All beautiful! I would be hard-pressed myself to say which is the best.


----------



## gardenpoet (Jun 24, 2016)

Lucious.


----------



## Lolly12 (Oct 10, 2012)

I agree, they are all gorgeous


----------



## mama879 (Jan 27, 2011)

Yum. I like them all. It always amazes me how different dyeing techniques come out. Just started learning about dyeing.


----------



## Goodshepfarm (Jul 20, 2014)

Thanks for the teaching moment! I love them all!


----------



## GrannyMo (Jul 7, 2016)

All lovely. My favourite is in the last photo.


----------



## Babalou (Jun 3, 2012)

I would never have thought to put teal with the first yarn but it really makes the teal pop. Very nice work.


----------



## nittineedles (Apr 14, 2011)

Babalou said:


> I would never have thought to put teal with the first yarn but it really makes the teal pop. Very nice work.

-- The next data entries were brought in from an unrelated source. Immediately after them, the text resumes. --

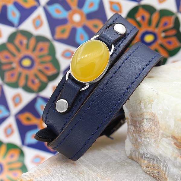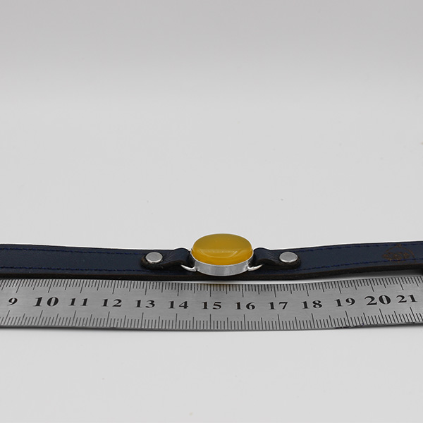 چرم استفاده شده در این محصول چرم طبیعی و به رنگ سورمه ای براق است. در این محصول از چرم طبیعی با کیفیت استفاده شده که مدلی خاص اما ساده است. نگین این محصول عقیق شرف شمس اصل و معدنی است که رنگ زرد مناسبی دارد و طبق کتب معتبر دارای خواص بی شماری است (حکاکی ذکر با برکت شرف شمس پشت نگین در زمان مقرر و با آداب خاص). جنس فریم دستبند از نقره اصل است که استحکام و دوام مناسبی دارد و با دو بند چرمی محکم به دستبند متصل شده است. این فریم دست ساز است و به دست یکی از هنرمندان نقره ساز مشهدی ساخته شده است. کیفیت ساخت فریم مناسب ارزیابی می شود و به صورت کاملا محکم سنگ عقیق را دربرگرفته است. این دستبند مشابه ساعت بوده و برای هر سایز مچی مناسب است.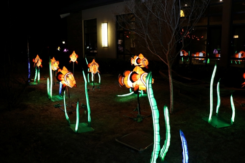 而穿过香海·森林自助餐,位于松林中的室外泡池,却是另一番天地。这里有浓郁海洋主题特色的景观灯,海洋生物造型形态各异,鲨鱼、海马、水母、珍珠贝壳……仿佛是童话里的海底世界,引人入胜。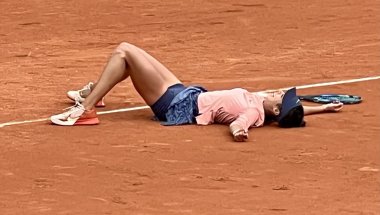 Након тријумфа у исцрпљујућем мечу који је потрајао 3 сата и 8 минута, пружила се по шљаци колико је дуга, пао је затим загрљај две играчице, кренуле су сузе радоснице, стигла је до клупе, а онда се нагло вратила на средину терена у експлозији среће и весеља.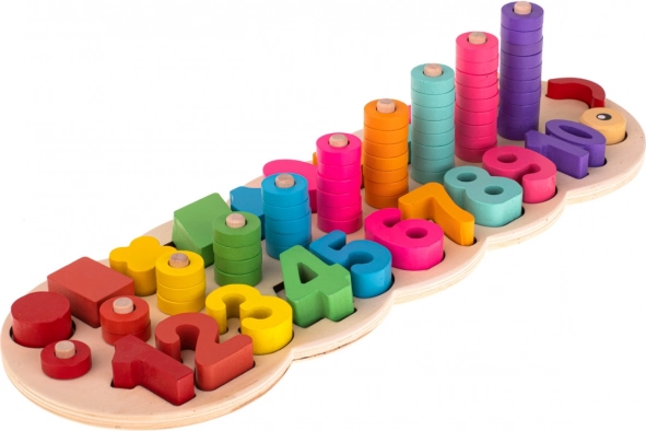 Jucăria educațională din lemn Omida oferă o oportunitate excelentă pentru dezvoltarea diverselor abilități ale copiilor. Include o bază în formă de omidă împreună cu zece cuburi colorate diferit, numere de la 1 la 10 și 55 de inele colorate. Copiii pot asocia formele cu orificiile corespunzătoare, îmbunătățindu-și astfel motricitatea și coordonarea.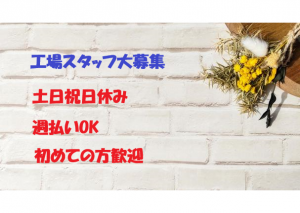 土日曜日休みの交代勤務/長期休暇ありしっかりお休みが取れる/残業少なめ。重量物少なめの工場です。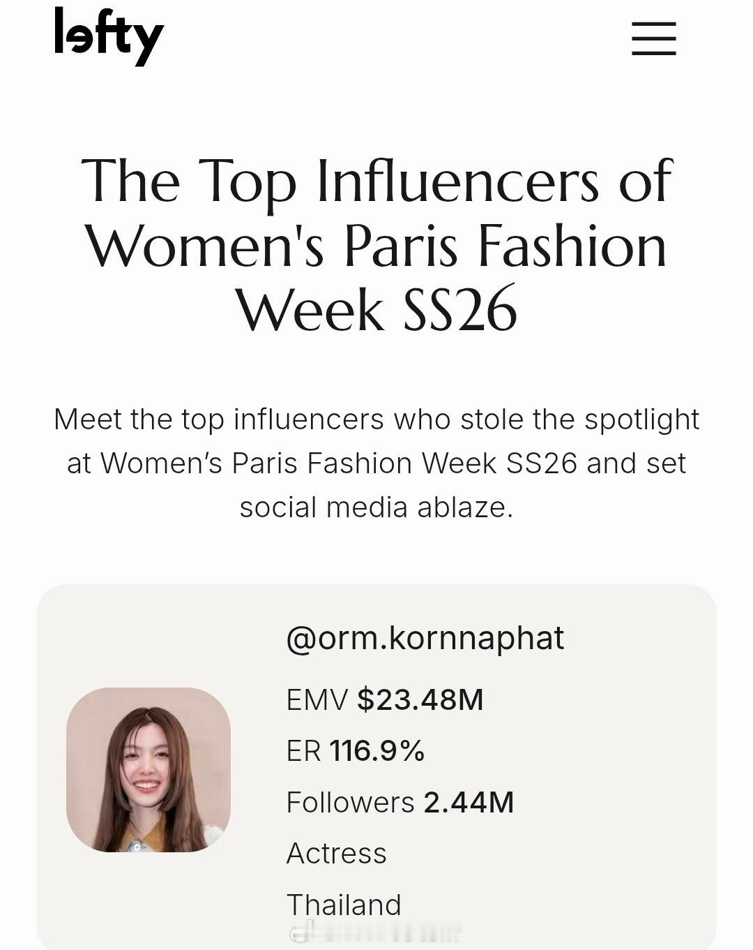 Dior是巴黎时装周最高MIV品牌,而Orm通过她自己发帖就贡献了Dior总MIV的11%
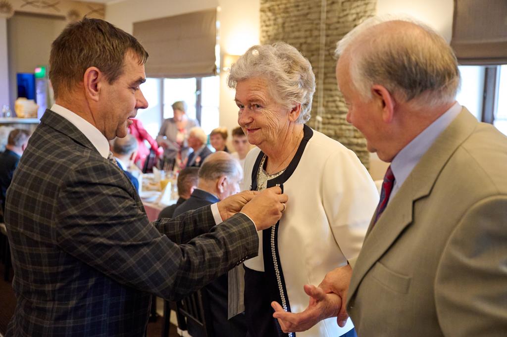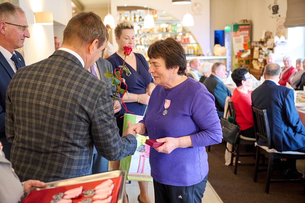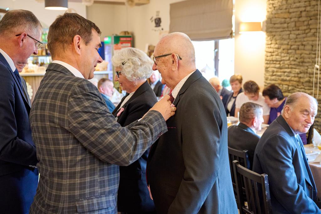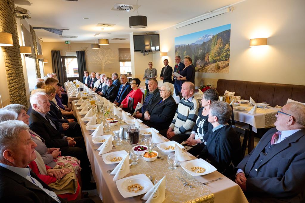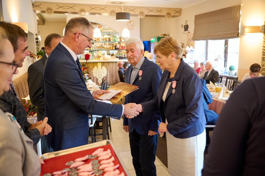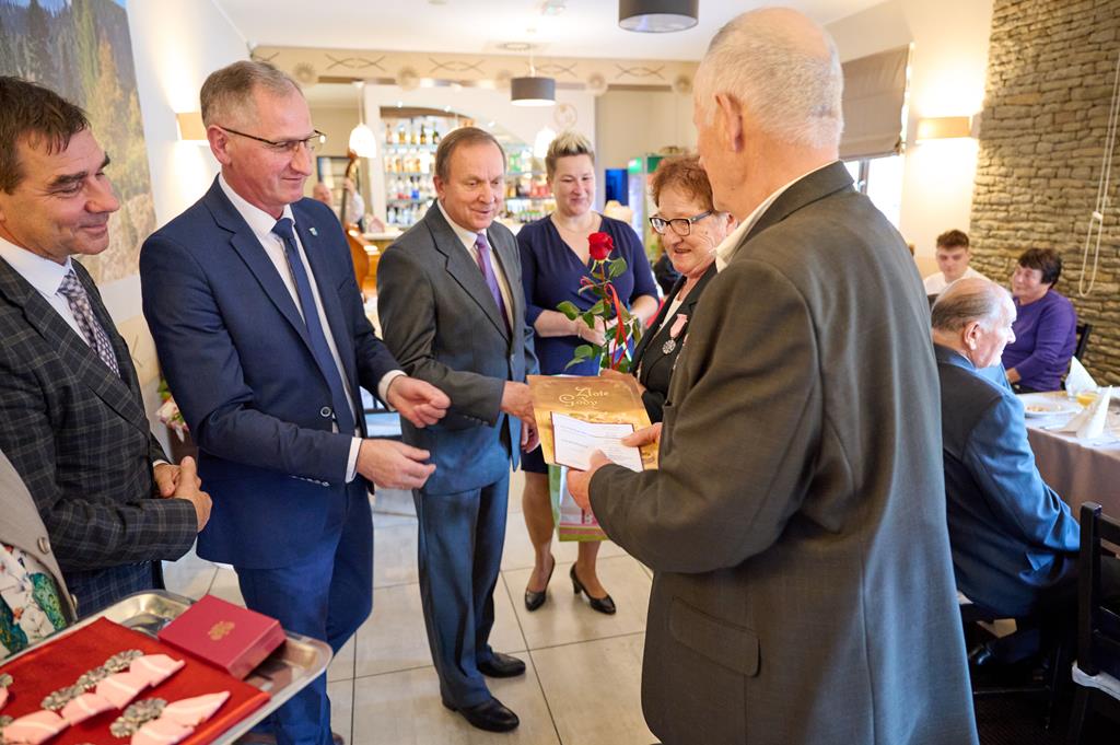 Oprócz medali Jubilaci otrzymali pamiątkowe listy gratulacyjne, kwiaty i okolicznościowe upominki. Nie zabrakło również tortu oraz symbolicznego toastu. Oprawę muzyczną zapewniła kapela „BRATOWIE”.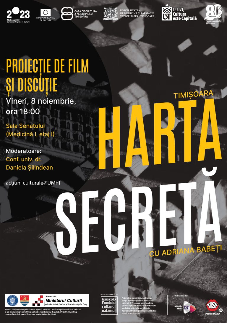 Universitatea de Medicină și Farmacie „Victor Babeș” din Timișoara vă invită, în cadrul programului acțiuni culturale@UMFT, la Timișoara: Harta secretă.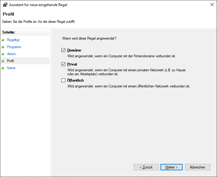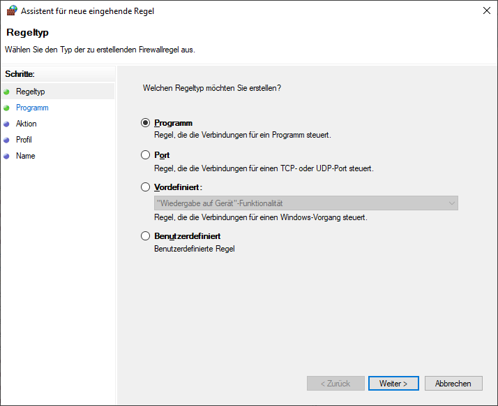 - In Windows die „Windows Defender Firewall mit erweiterter Sicherheit“ App aufrufen.
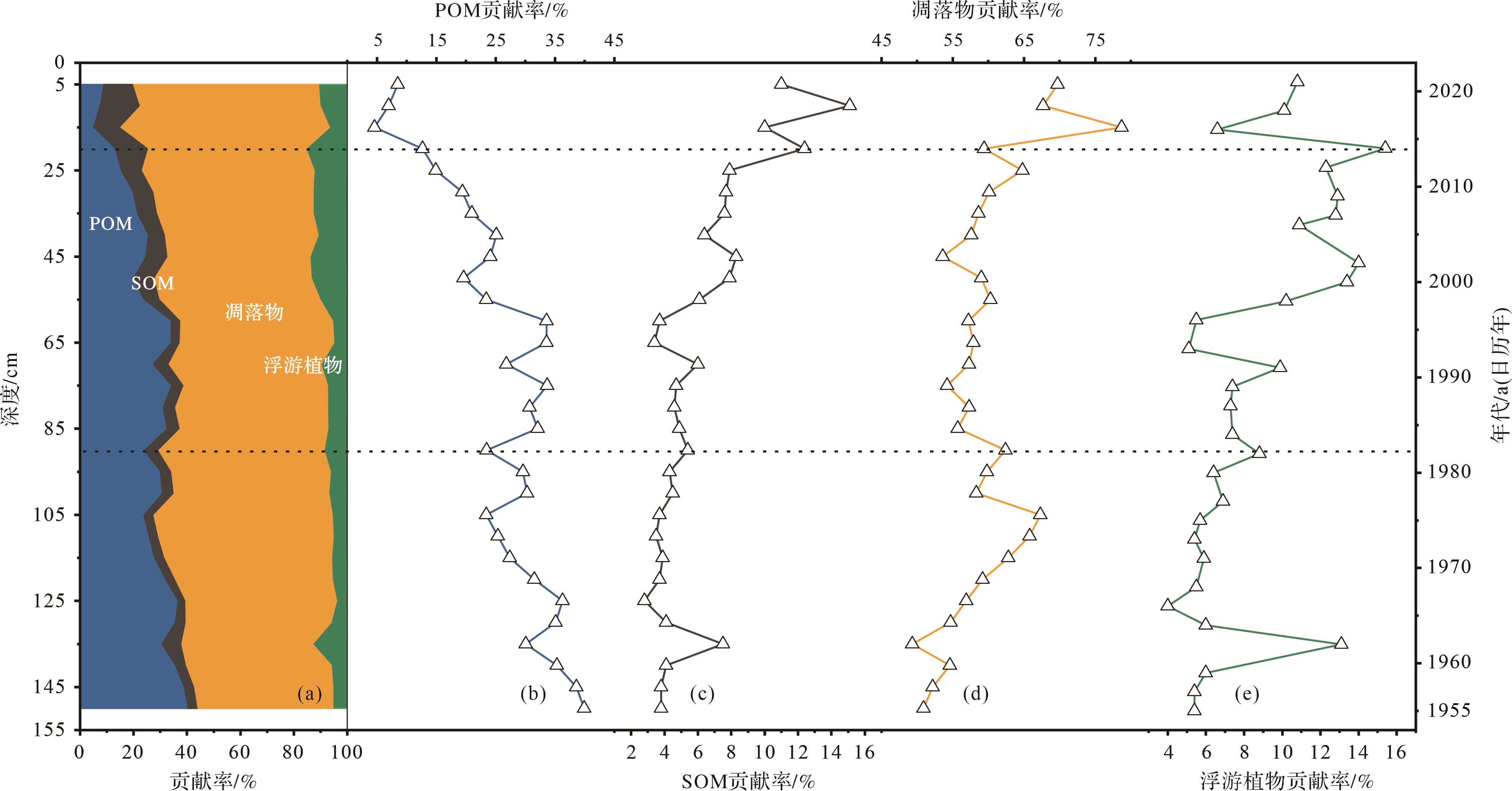 基于MixSIAR模型量化沉积物有机碳来源的贡献率发现,凋落物贡献率最大,介于49.30%~78.70%,平均值为59.44%(图7a,d);POM贡献率介于4.60%~39.90%,平均值为25.91%,POM的贡献率整体呈下降趋势(图7a,b);SOM的贡献率最小,介于2.80%~15.10%,平均值为6.09%(图7a,c);浮游植物的贡献率介于4.00%~15.40%,平均值为8.56%,SOM和浮游植物的贡献率整体呈增长趋势(图7a,c,e)。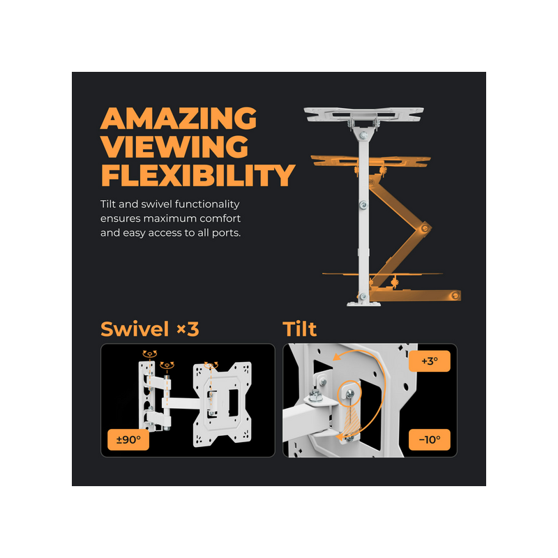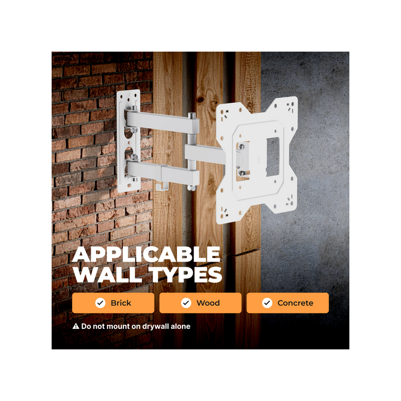 KIVI Motion-223W teleri kinnitus. Elegantne disain ja praktiline funktsionaalsus. Valge viimistlus lisab teie interjöörile värske ja kaasaegse ilme, tagades samal ajal kindla ja turvalise kinnituse 23–43-tollistele teleritele, mis kaaluvad kuni 30 kg.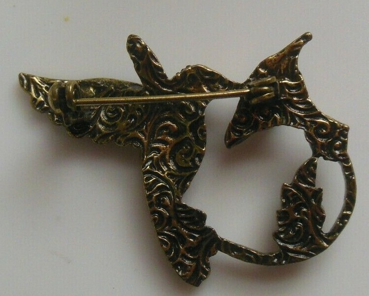 Vintage Humming Bird Brooch Enamel Flower/Leaf, Rhinestones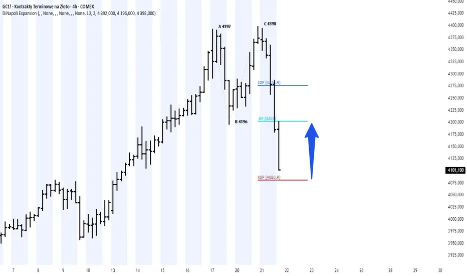 240 min perspektywa czasowa pokazuje na możliwy trade z XOP = 4080,9 do OP = 4202. Zobaczymy jak to się rozegra

The centre of the base yarn is teal. Just doesn't show up well in the picture.


----------



## Alpaca Farmer (Jan 19, 2011)

The difference is amazing and beautiful.Thanks for sharing your results with us.


----------



## Spooly (Oct 22, 2011)

Oh my, they are all so amazing. Those color combinations are stunning.


----------



## spinninggill (Apr 9, 2011)

It's always amazing how different fibres spin up - even the blended commercials often look totally different to what you expect and the hand dyed ones even more so, and especially if the fibre is dyed before spinning.


----------



## mama879 (Jan 27, 2011)

I like the dyed fiber before spinning. I guess once I get that down (somewhere in the near future) I will try dyeing the yarn. ( In the near future) lol


----------



## Reba1 (Feb 5, 2012)

Love them all, but that base plied with the gold is beautiful! So is your bottom plied and skeined.


----------



## Cdambro (Dec 30, 2013)

I like plied and dyed the best. The colors are amazing.


----------